Pembuktian yang terakhir adalah dari sisi “desain dunia ini dan tujuan akhir“. Ini adalah
sesuatu yang dapat dibuktikan di dalam hidup kita sehari-hari. Kita setiap hari melihat jalan
setapak, jalan raya, dan juga jalan layang. Apakah mungkin kalau kita mengatakan bahwa jalan
itu memang ada dengan sendirinya, tanpa ada yang mendesain dan membangun. Bagaimana
dengan desain rumah, desain tata kota, dll. Semua terjadi karena ada yang mendesain dan tidak
mungkin terjadi dengan sendirinya. Kalau kita percaya bahwa rumah kita tidak terjadi dengan
sendirinya, namun didesain oleh diri sendiri atau seorang arsitek, apakah kita dapat menyangkal
bumi ini, sistem grafitasi, dan juga sistem tata surya terjadi dengan sendirinya? Apakah mungkin
kita berpendapat bahwa pergerakan planet-planet dan bintang-bintang, yang semuanya berjalan
dengan keharmonisan tertentu dikarenakan karena faktor kebetulan? Desain alam semesta ini
jauh lebih rumit daripada desain rumah kita. Kalau kita percaya akan arsitek yang mendesain
rumah kita, maka kita harus percaya bahwa ada arsitek tata surya ini, yaitu Tuhan. Kalau kita
lebih percaya bahwa semuanya terjadi secara kebetulan, maka ini adalah argumen yang tidak
mungkin, karena kemungkinan bahwa semua itu terjadi dengan sendirinya tanpa ada yang
mengatur adalah bisa dibilang “tidak mungkin.” Sama halnya seperti kalau kita bilang bahwa
rumah saya terjadi secara kebetulan tanpa ada yang merencanakan dan menbangunnya.
Bagaimana dengan mahluk yang tidak berakal budi, seperti tumbuhan dan binatang. Mereka
mempunyai suatu pola dalam hidup mereka. Siapa yang mengatur kehidupan mereka? Hukum
alam? Namun siapa yang mengatur hukum alam? Hanya mahluk rasional yang mungkin
mengatur sesuatu yang punya aturan tertentu dan menuju ke suatu tujuan tertentu.
Contoh lain adalah gravitasi bumi, dan pergerakan tata surya yang mempunyai nilai tertentu dan
tetap sepanjang sejarah. Jika nilai- nilai tersebut berubah sedikit saja, maka kacaulah segala
planet di tata surya ini. Maka jelaslah bahwa semua yang bergerak dan beroperasi menurut
urutan tertentu akan bergerak untuk mencapai tujuan akhir. Jadi dapat disimpulkan bahwa ada
“Mahluk Rasional” yang memelihara dan mengarahkan semua yang ada di alam ini ke tujuan
akhir. Inilah yang disebut “Tuhan, Sang Omega.” Dengan demikian lebih logis dan lebih
mungkin, kalau kita percaya bahwa ada sesuatu yang mengatur sistem alam semesta, yaitu
Tuhan Sang Pencipta.
Kemudian, variasi dari demonstrasi ke lima ini adalah dari sisi “aturan moral.” Kalau di atas
kita melihat bagaimana Tuhan mengatur mahluk yang tidak berakal budi dengan “hukum alam“,
maka berikut ini adalah demontrasi yang menunjukkan bahwa Tuhan juga mengatur mahluk
yang berakal budi, yaitu manusia melalui “hukum moral.” Kalau kita teliti lebih jauh, manusia
dengan latar belakang, kebangsaan, suku, ras yang berbeda, diatur oleh suatu hukum yang
dinamakan hukum moral yang secara alami tertulis di dalam hati nurani manusia.[12] Hukum
moral inilah yang membuat manusia dapat membedakan antara yang baik dengan yang jahat.

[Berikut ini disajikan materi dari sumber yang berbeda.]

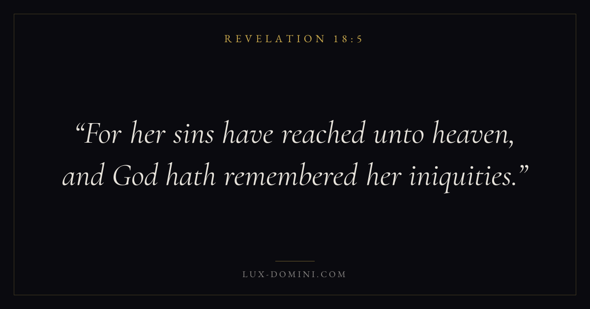 Books / Revelation / Chapter 18 / Verse 5 ← Revelation 18:4 Revelation 18:5 Revelation 18:6 → For her sins have reached unto heaven, and God hath remembered her iniquities. Download verse card Share on Twitter Share on Facebook Pin it ✦ Key themes Justice and mercyTruthWorshipWitness Read with Revelation 18:1Revelation 18:2Micah 6:8Amos 5:24 Related topics Bible verses about justice and mercyBible verses about truthBible verses about worship ✦ Revelation Chapter 18 verses V. 1 V. 2 V. 3 V. 4 V. 5 V. 6 V. 7 V. 8 V. 9 V. 10 V. 11 V. 12 V. 13 V. 14 V. 15 V. 16 V. 17 V. 18 V. 19 V. 20 V. 21 V. 22 V. 23 V. 24

Hukum ini bersifat obyektif, dan mengikat manusia secara universal. Kita bisa melihat
bagaimana aturan baku di semua negara: anak harus menghormati orang tua, seorang ibu
mengasihi anaknya, seseorang akan merasa tidak enak hati kalau membalas kebaikan dengan
kejahatan, dll. Kalau orang melawan hukum universal ini, maka dia sebenarnya melawan hati
nuraninya sendiri.
Kata “hukum atau aturan” pada dasarnya adalah sesuatu yang terjadi karena tuntutan akal
(dictate of reason) yang dibuat untuk kepentingan umum oleh seseorang yang mempunyai
otoritas. Misalnya, kalau peraturan lalu lintas adalah peraturan dengan alasan yang logis untuk
keselamatan pengendara, yang dibuat oleh pihak kepolisian lalu lintas. Dengan menerapkan
prinsip “sebab akibat“, kita tahu bahwa hukum moral yang tertulis di setiap hati nurani manusia
tidaklah terjadi dengan sendirinya, namun diberikan oleh Sang Pemberi Hukum yaitu: “Tuhan,
Sang Maha Adil.” Jadi hukum moral ini juga dapat membuktikan keberadaan Tuhan, yang
memberikan aturan yang tertulis di dalam hati manusia untuk kepentingan umum.